For more than four decades, Sudan has been at war with itself. Accordingly, Southern Sudan’s development has been in a state of limbo despite its God-given mineral and natural wealth which Southerners could not benefit from. We are accordingly challenged to transform into a truly working nation in which all of us should be engaged in nationhood building as well as the three essential “Rs” which are national reconstruction, both physical reconstruction and social reconstruction, rehabilitation and resettlement of our people.
I think time is overdue for our people of South Sudan to embrace the spirit of a working nation which requires that we adopt a work culture and discipline if we will ever build our nation to at least the standard of other developing countries and beyond. I say beyond because our income base (for instance) is above our neighboring countries of Kenya and Tanzania. So we are not really poor.
I am disturbed that despite these compelling demands, our people, both young and old spend most of their time playing cards and other games during working hours. There is talk taking its rounds in Juba that some source in Khartoum’s National Congress Party sends a lot of money to young southerners on a weekly basis.
That talk has it that the scheme is to win the youth into believing that unity government is the way to go come referendum and should therefore vote accordingly. The youth therefore vote accordingly. The youth therefore see no reason to work but spend their time drinking and playing cards. By evening, they are drunk and wild. The danger is that they will never develop a work culture to become self supported when the tap is closed.
This “deal” should be investigated by GOSS and if found to be true, appropriate action should be taken to stop what not only amounts to vote rigging in advance but also “buying” of our youth for malignant designs before the options are overtaken by events. If action is not taken now, we could be breeding tomorrow’s armed gangsters.
It must be noted that if we failed to develop during the current peacetime, we will neither use the excuse of the civil war nor contend that the wars exhausted us so much that we could not work anymore. As a matter of fact, there are those who contend that having fought for 21 years, it is time to simply rest.
Our development partners are not going to aid us indefinitely. With the current global economic meltdown, our partners are bound to be adversely affected at some point. They too depend on their respective governments currently hit by the economic crisis. We are not the only country that was trapped by civil wars. Angola, for instance, was locked in civil war for 30 years. At the end of it, it had the highest concentration of land mines estimated at 10 million which continued to take lives compared to South Sudan’s estimated two million landmines. Angola today is literally being rebuilt at an impressively fast pace.

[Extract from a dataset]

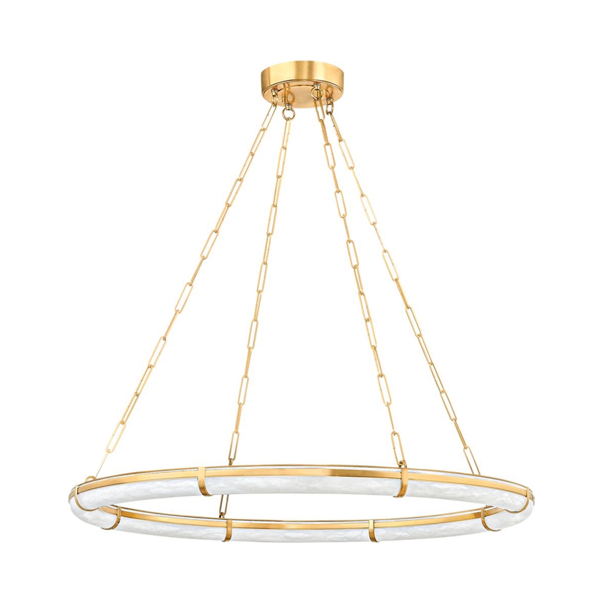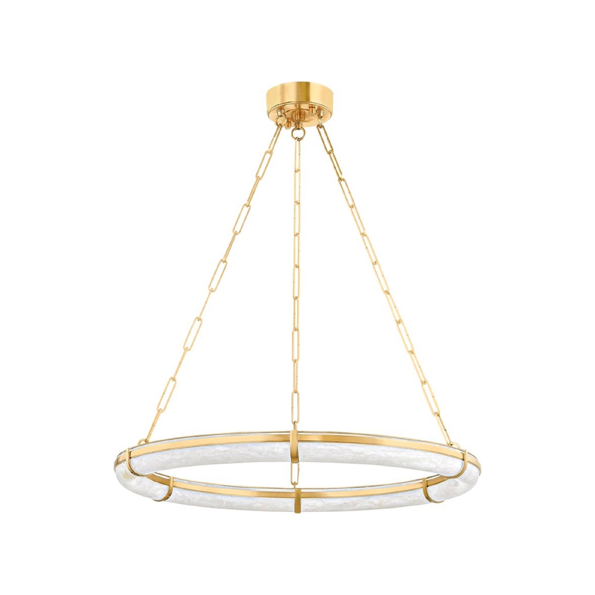 Slender shaping offers diminutive yet powerful style conceptualization with an Art Deco feel as the Sennett LED Chandelier from Hudson Valley Lighting perfects the art of lighting. Its ring-like open shade fashioned of alabaster receives evenly spaced aged brass metal accenting in banding and a circular top, adding a radiant quality to energy-efficient lighting over a dining ensemble or in a foyer. Count on authentic markings and veining from its natural stone shade, and embrace the balanced silhouette of a tri-part chain link suspension.

It is necessary to bear in mind that there exists some international consortium of criminals who will enter (if they have not already entered our country) with a view to exploit our resources. They may even pose as business partners of our high profiled leaders for thorough exploitation of our resources.
Such partnerships of convenience and exploitation should be resisted by our leaders. Equally so, there are proven and therefore known crooks from our neighboring countries who may find their way to our country to make business deals. I call upon the SPLM Liaison Offices to be vigilant and advice GOSS promptly. That is if they themselves do not fall into the traps of the crooks.
Meanwhile it is a pity that children of school going age are either serving as touts in public commuter vans or riding motor cycles to transport people. These they do as employees of the rich who do not care about child labour. It is time education, both primary and secondary was made compulsory and all young people of school going age rounded up and taken to schools while those who exploit child labour are prosecuted if we care about our country’s future.